In other news, I was reading the headlines and found a most recent email interview with Bill Watterson, the creator of the comic strip Calvin and Hobbes. Watterson is a remarkably talented artist who is also a major recluse, as he shunned most publicity interviews during the time he was drawing the strip that became wildly popular. Everyone could relate to the adventures of Calvin, a wonderfully adventurous boy whose imagination was unbridled by the bounds of reality. His near constant companion was Hobbes, his stuffed tiger who provided his thoughts that only Calvin could understand. The strip was required reading for me every day, as I could relate to the craziness that Calvin dealt with each day, and it became a worldwide phenomenon. Calvin and Hobbes also ushered in the golden age of some of the new strips that became pop culture repositories, often putting the world into insanely funny snapshots. I'd say that Calvin and Hobbes ranks with Bloom County and Get Fuzzy as some of the best comic art ever done in a daily newspaper.
And as soon as Calvin and Hobbes reached a near pinnacle status, Watterson announced he was done doing the strip. After starting his strip in 1985, citing stress and a few other issues, he decided to stop it all together. Unlike other strips that have carried on for years, Calvin ahd Hobbes left at the top of the game and fans have always wanted more to this day, as the reprints are still widely popular. We all see things in pop culture that have stayed way beyond their useful shelf life. I can't figure out the appeal of the Chipmunks myself, but hey, apparently I'm alone in my disdain for furry rodents warbling out today's crappy hits in high pitched shreaking. Calvin and Hobbes departed on their terms, and being a big fan, I was dishearted to learn that there would be no more adventures of Spaceman Spiff, Stupendous Man and what would the transmogrifier screw up this week. But I can imagine that it's a wonderful feeling to leave a legacy like this on your own terms, never having to compromise the vision of the creation, and be able to truly inspire and entertain so many. Plus this summer, I'll have to to buy the stamp!!
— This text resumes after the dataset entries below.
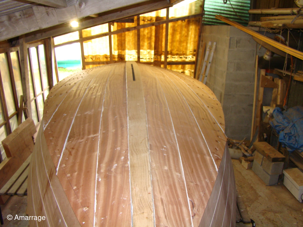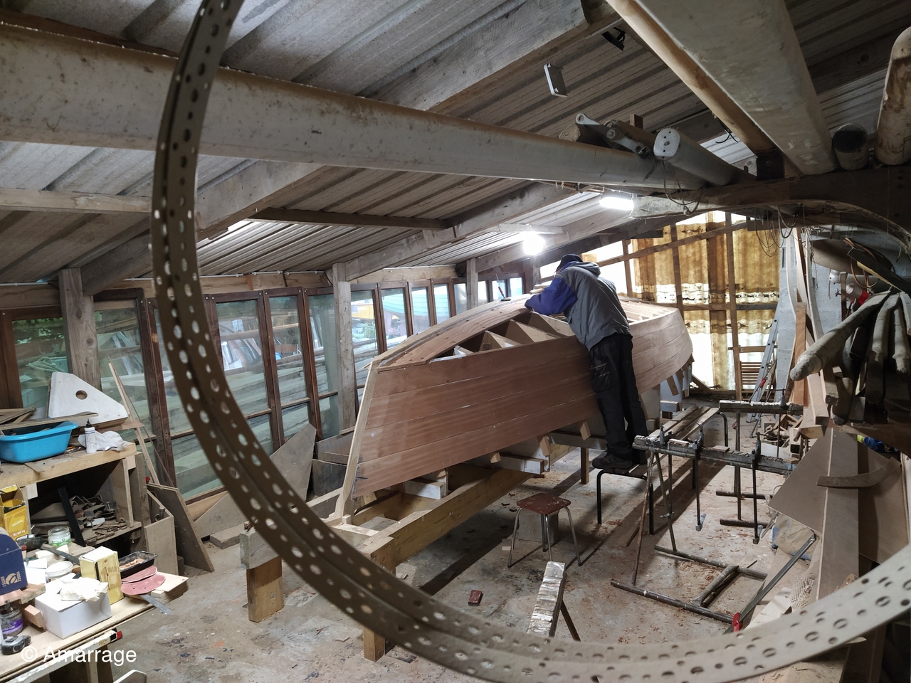 "CATHERINE-PHILIPPE": sur coté bâbord la coque est fermée. Sur tribord reste le galbord et ribord à mettre en place.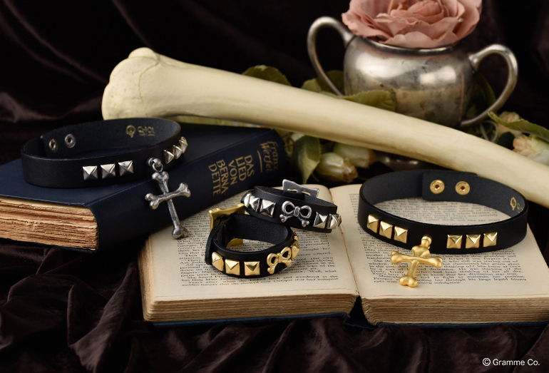 スタッズがあしらわれたゴシックテイストな本革のブレスレットやチョーカーも登場。
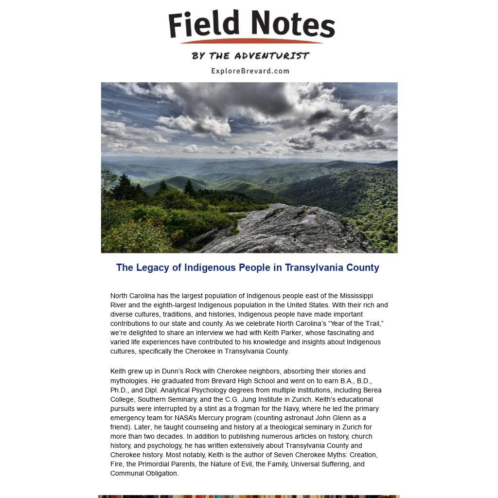 “The Cherokee were my neighbors and some of the best farmers in the county. I went to school with them. As a result, I grew up with Cherokee stories, and those are the basis for my book. Several of those stories have powerful meaning for the Cherokee and took place in Transylvania County.”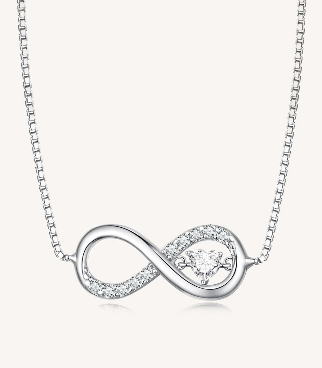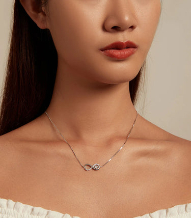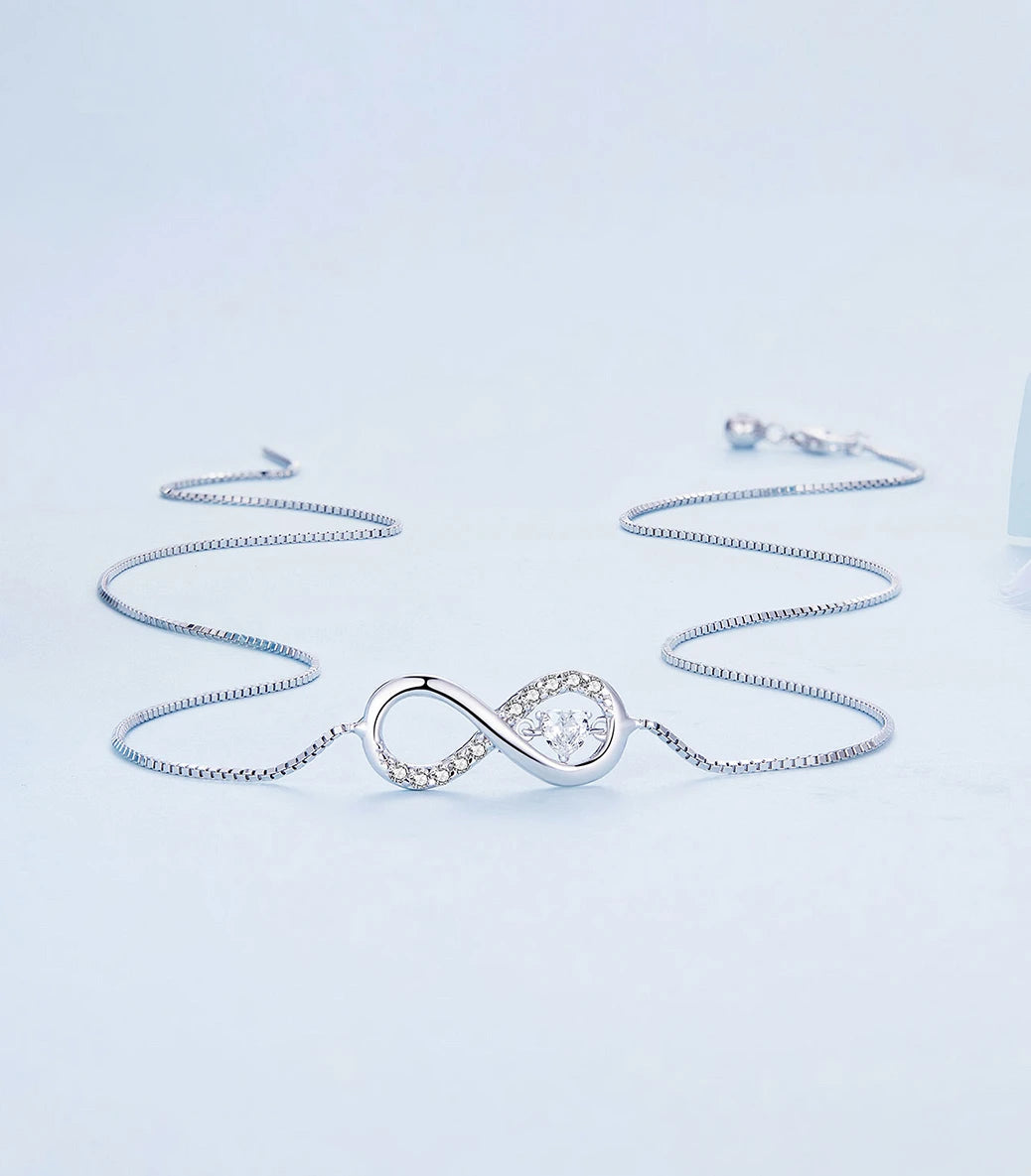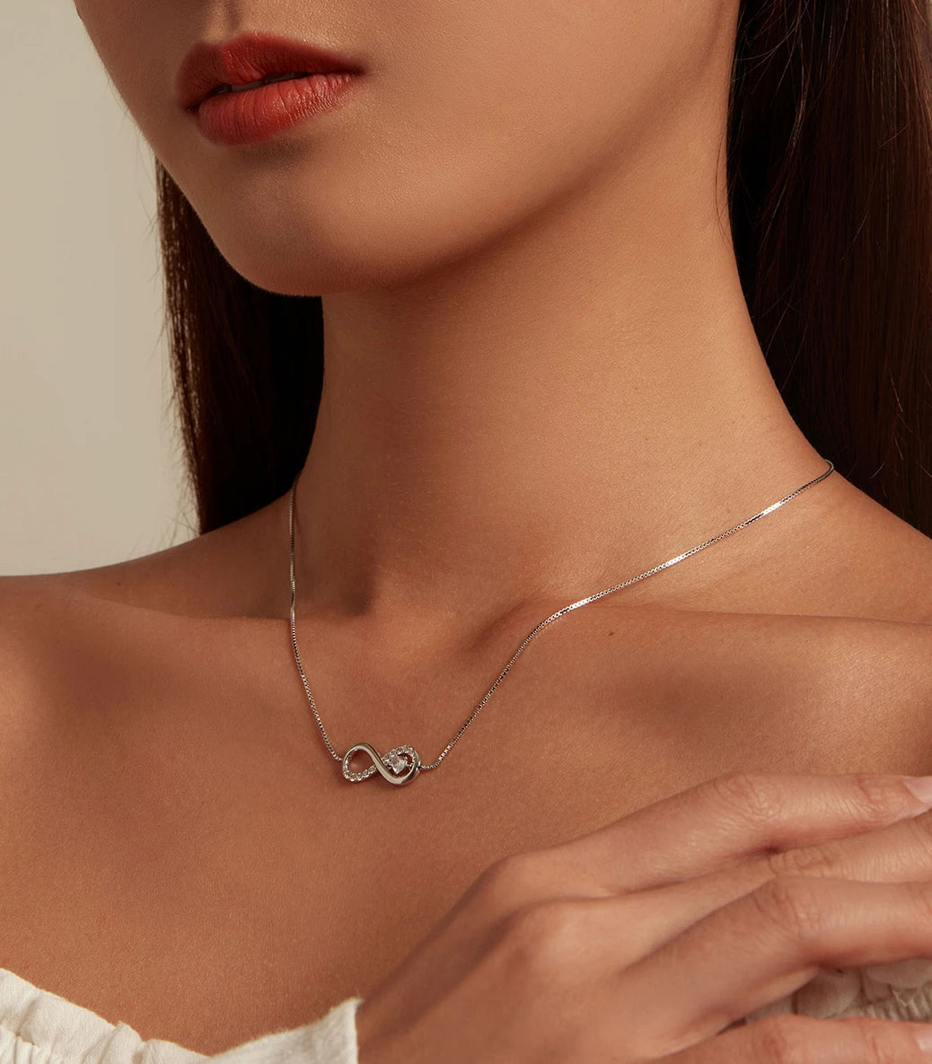 Сребърно колие с бял кубичен циркон и плъзгаща се, здрава, регулируема закопчалка с вграден силиконов уплътнител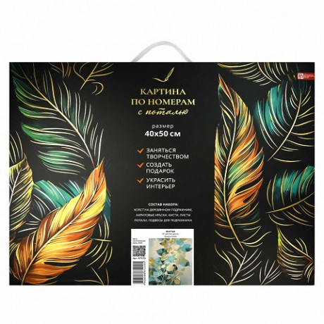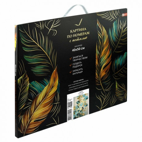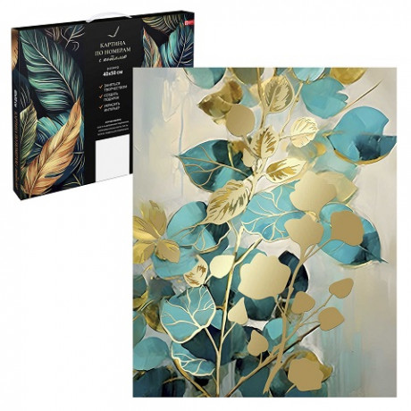 Набор для творчества Картина по номерам с поталью арт. 67979 / 16 ЛИСТЬЯ, размер: 40х50 см, (15 цвета (-ов), холст на деревянном подрамнике с напечатанной схемой рисунка, краски акриловые на водной основе (упакованы в вакуумную упаковку), кисти художественные с ворсом из нейлона – 4 шт., поталь, клей для потали, лак, пакет на zip-молнии, подвесы для подрамника, контрольный лист с нанесенной схемой в комплекте, поталь: золотая, картонная коробка с ручкой)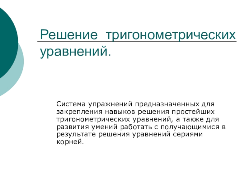 Решение тригонометрических уравнений.Система упражнений предназначенных для закрепления навыков решения простейших тригонометрических уравнений, а также для развития умений работать с получающимися в результате решения уравнений сериями корней.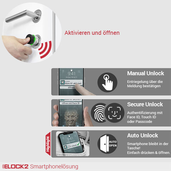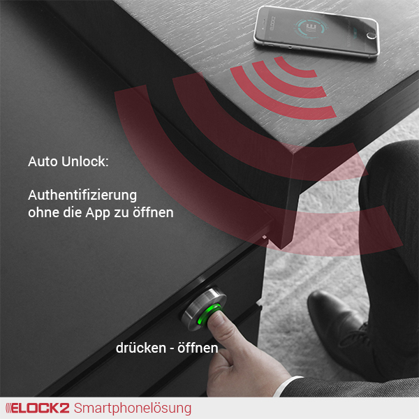 Lassen Sie Ihr Smartphone einfach in der Tasche – Ihr ELOCK2 System erkennt Sie automatisch und öffnet die Tür, online oder offline, ganz von selbst.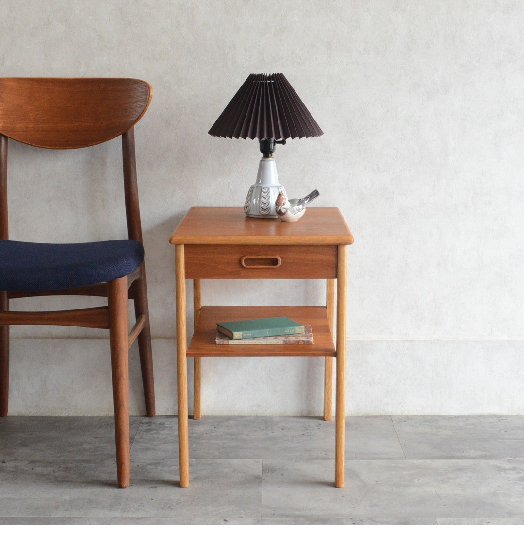 デンマーク 北欧ヴィンテージ チーク サイドテーブル 抽斗付 ナイトテーブル 北欧家具 オーク フルメンテナンス済 オイル仕上げ バイカラー 收藏

Being a Trail Blazer fan, I'm really happy to hear that we've finally got some misery in our company. Our beloved NBA team and city were listed amongst the 15 most tortured sports cities, with our history of near misses, spectacular meltdowns, a first round draft pick the city can't forget (Sam Bowie), and a most recent first round pick that can't seem to stay healthy. I moved here right before the 1989 championship run, and watched the near misses in 1991 and 1992, thinking that things couldn't get much worse. That was before the 2000 championship meltdown and the dark ages of the team that shall remain nameless. Now here we are with a collection of really good guys this season, playing out of their minds and hovering about the .500 mark despite leading the NBA in player games missed due to injury. I would expect most teams to fold up like a tent if they had to deal with the uncertainty we've dealt with this season, and despite all of that, we keep winning. If you took this sports history and linked it with the Timbers' near misses in their history, there are many sports fans that probably would have just given up already, not being able to take the losses, the pain, the suffering. That's why it takes a special breed to be a sports fan in Portland, it's not for the faint of heart.